(WHAT IS EXPECTED):
Your copy of the entries below should hold exactly the lines from the one containing "Bluetooth® (aptX® and" to the one containing "1968 Aerial Photograph", inclusive, and no pictures.

(RECORDS):
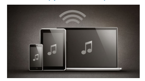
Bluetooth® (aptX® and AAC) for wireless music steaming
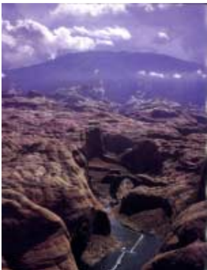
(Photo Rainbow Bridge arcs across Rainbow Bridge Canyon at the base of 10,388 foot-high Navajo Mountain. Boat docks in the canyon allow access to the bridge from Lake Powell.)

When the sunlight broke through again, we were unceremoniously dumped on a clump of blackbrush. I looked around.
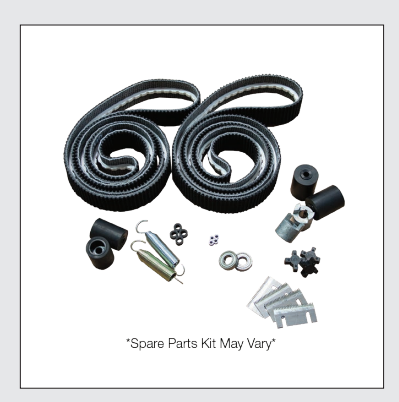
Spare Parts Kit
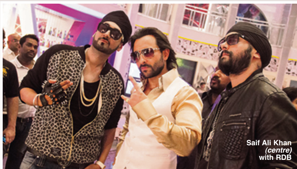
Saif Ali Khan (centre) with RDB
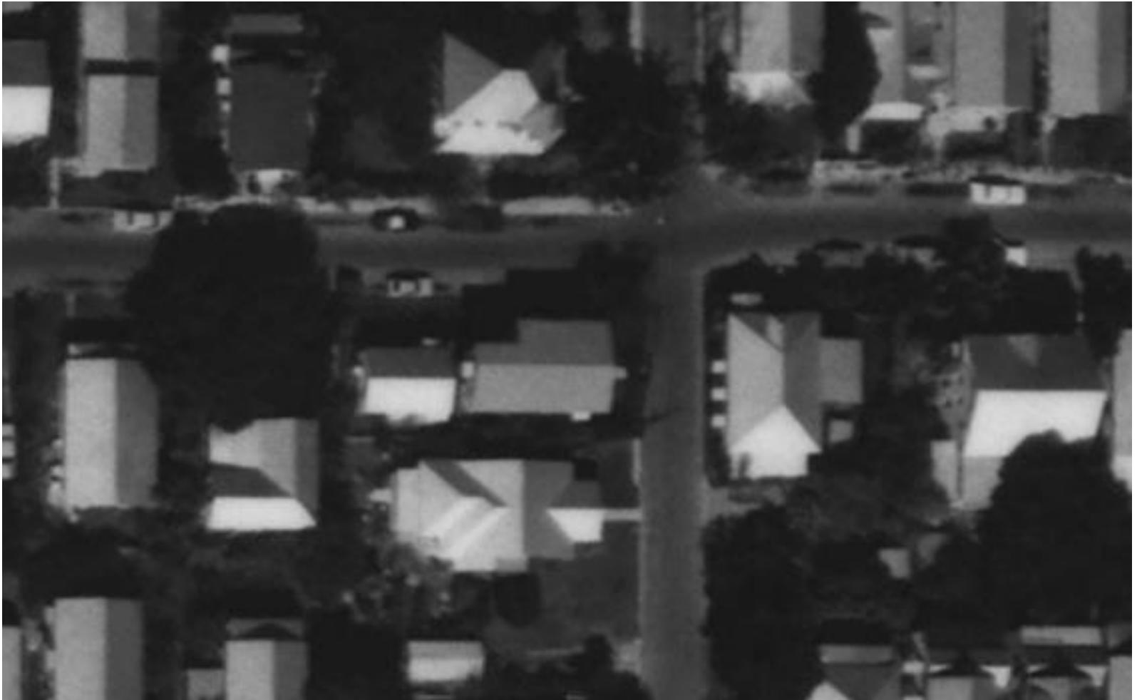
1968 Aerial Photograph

...

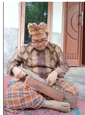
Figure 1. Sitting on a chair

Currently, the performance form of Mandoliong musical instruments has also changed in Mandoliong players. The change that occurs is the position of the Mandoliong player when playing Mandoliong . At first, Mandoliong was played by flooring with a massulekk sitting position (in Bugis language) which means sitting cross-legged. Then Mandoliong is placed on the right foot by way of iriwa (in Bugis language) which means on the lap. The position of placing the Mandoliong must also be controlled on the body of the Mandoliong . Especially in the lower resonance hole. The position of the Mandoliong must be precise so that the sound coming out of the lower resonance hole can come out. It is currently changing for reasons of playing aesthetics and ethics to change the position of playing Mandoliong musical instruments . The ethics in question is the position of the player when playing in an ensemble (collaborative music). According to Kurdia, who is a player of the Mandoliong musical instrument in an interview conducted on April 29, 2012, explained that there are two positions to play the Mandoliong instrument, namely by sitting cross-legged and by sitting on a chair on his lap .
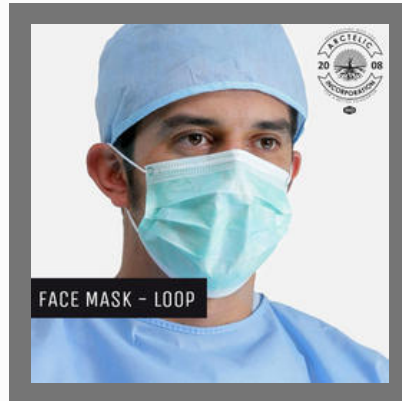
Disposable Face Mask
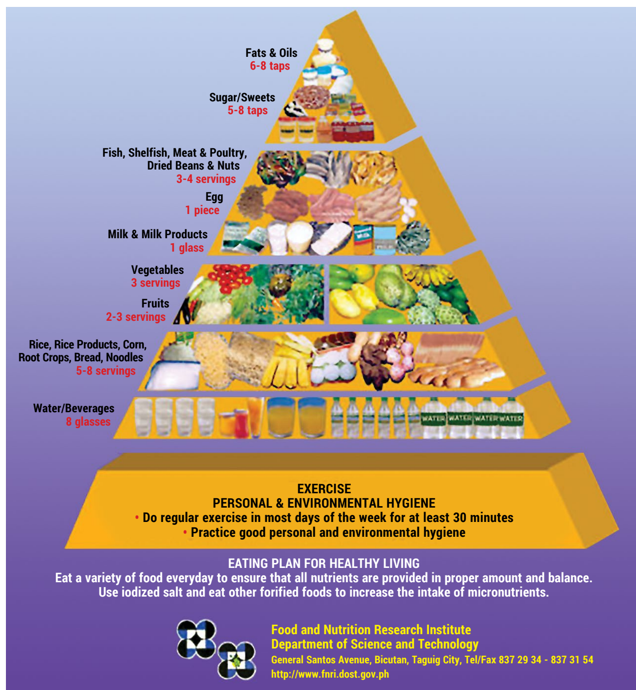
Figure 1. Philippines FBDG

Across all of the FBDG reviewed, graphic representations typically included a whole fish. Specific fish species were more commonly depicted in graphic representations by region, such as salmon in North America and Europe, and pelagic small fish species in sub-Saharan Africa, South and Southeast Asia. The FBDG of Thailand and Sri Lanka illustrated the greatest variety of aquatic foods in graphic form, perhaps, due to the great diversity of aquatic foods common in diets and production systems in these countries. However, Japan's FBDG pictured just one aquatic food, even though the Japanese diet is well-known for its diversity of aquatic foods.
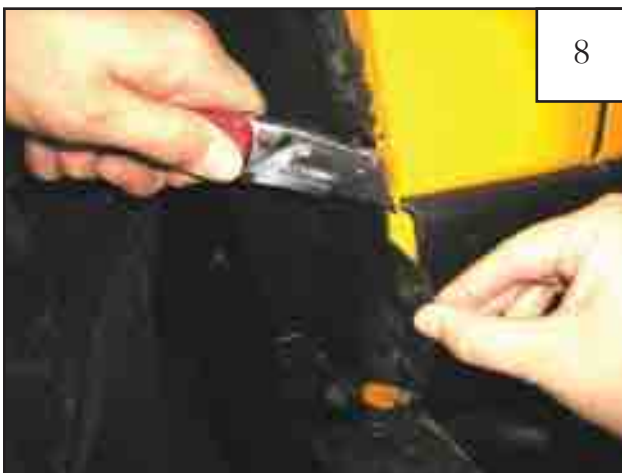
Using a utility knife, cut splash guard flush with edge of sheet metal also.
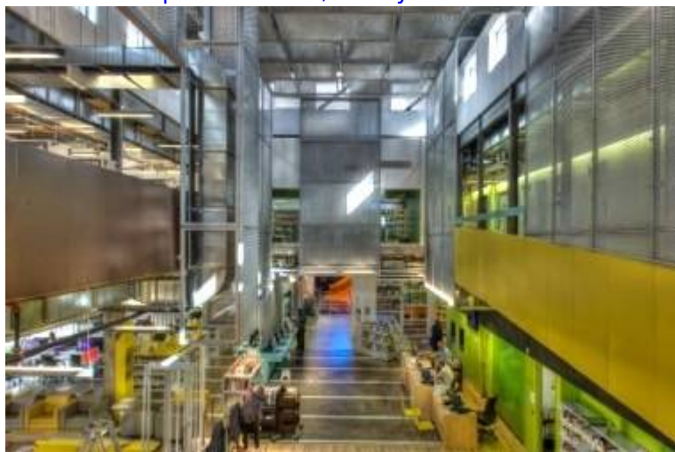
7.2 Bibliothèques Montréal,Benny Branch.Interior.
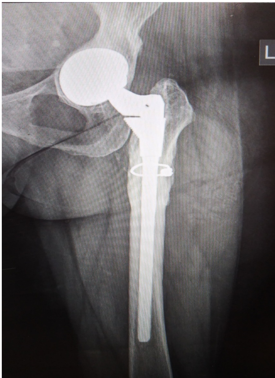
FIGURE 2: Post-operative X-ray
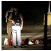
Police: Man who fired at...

(YOUR RESPONSE):
Bluetooth® (aptX® and AAC) for wireless music steaming
(Photo Rainbow Bridge arcs across Rainbow Bridge Canyon at the base of 10,388 foot-high Navajo Mountain. Boat docks in the canyon allow access to the bridge from Lake Powell.)

When the sunlight broke through again, we were unceremoniously dumped on a clump of blackbrush. I looked around.
Spare Parts Kit
Saif Ali Khan (centre) with RDB
1968 Aerial Photograph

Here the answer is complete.